Take a look around for a Scottish or English pub in your area, some of them will have samplings once or twice a year (a local one brings in Michael Jackson – not the gloved one), or a local liquor store that carries a good selection of Scotch (around Christmas some do tastings to help move high end product)

That's probably the best was to see if you like peat or smoke or salt varieties, see if you like it neat or with something added, before buying a bottle


----------



## whodat1 (Sep 7, 2005)

Brodie said:


> My favorite blend is Famous Grouse. They use high quality malts from the likes of Macallan and Highland Park in their whiskies.


This is a really good blended scotch that has been around for a long time. If a bar doesn't have any malts (and yes, there are bars that don't), then I usually go for the Famous Grouse.

Saturday nights is my MacAllen 12y and '64 PAM's. Two things that go great together!


----------



## simplechords (Aug 13, 2006)

Thanks for all the advice, i'm gonna go shopping tonight!!


----------



## burninator (Jul 11, 2006)

I cut my teeth on The Dalmore. It's a cheap single malt, not too harsh, plenty sweet. Can't go wrong.


----------



## ky toker (Jun 2, 2005)

mosesbotbol said:


> JW Black is the best selling scotch for a reason... Buy it in the 1.5 and it's a deal. JW Black is the easiest drinking, most likeable to the most people scotch out there.


I tried my 1st scotch a few years ago I believe, JWB, and it wasn't bad while afters just did not work for me. So based off of your many comments about JW Black being a good start point for getting into scotch I bought a bottle sometime in 2007 and came to find that it just wasn't hitting my taste buds in the right way. Well, this weekend I opened the bottle back up and put a proper hurting on it. This may be a bottle I need to keep on hand for those moments I have a craving for something different. Thanks for the adive.:tu


----------



## RPB67 (Mar 26, 2005)

Scotch.

Johnny Walker Black is one of my staples,every place usually has it.

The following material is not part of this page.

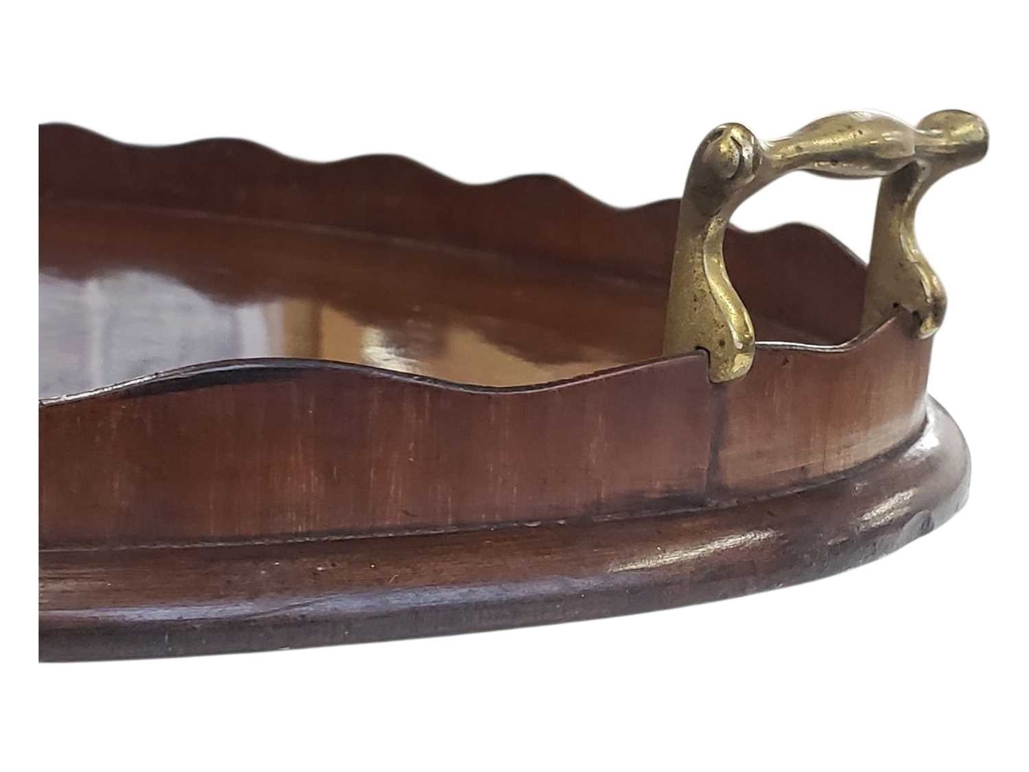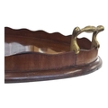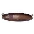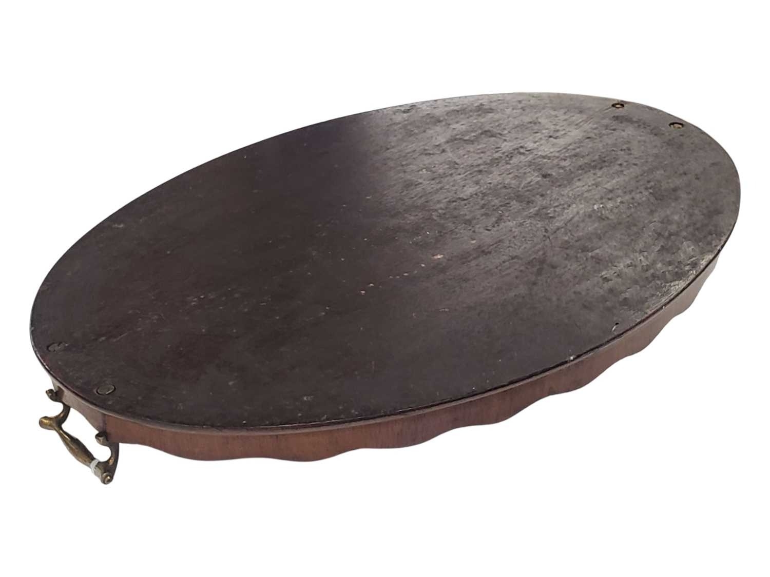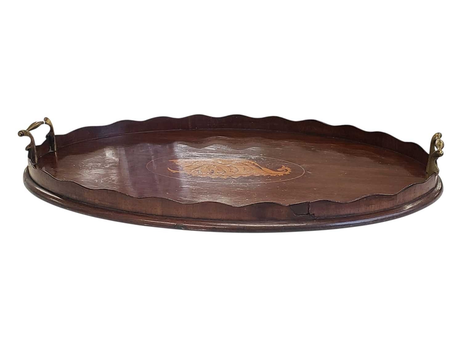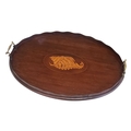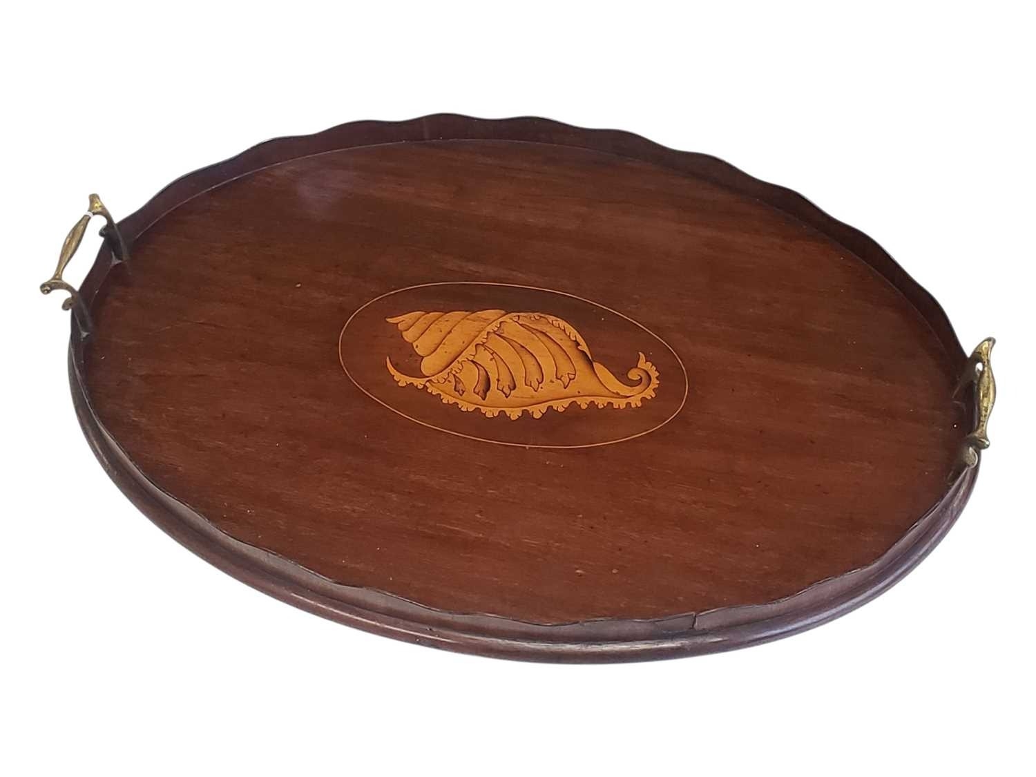 Victorian 19th century mahogany inlaid serving carry tray. Shell inlaid decoration to centre in oval form with pie crust edge, twin brass carry handles.

Mac 12 or 18 is one of my favorites, pricey when out. But one of my favorites.


----------



## wallyevs012 (Apr 3, 2008)

RPB67 said:


> Scotch.
> 
> Johnny Walker Black is one of my staples,every place usually has it.
> 
> Mac 12 or 18 is one of my favorites, pricey when out. But one of my favorites.


You are absolutely right!!! JWB is what I have been drinking for years and I tried them all!!! At least those up to 60.00 a fifth...Great stuff with a stick, unless you got some Napolian Brandy..


----------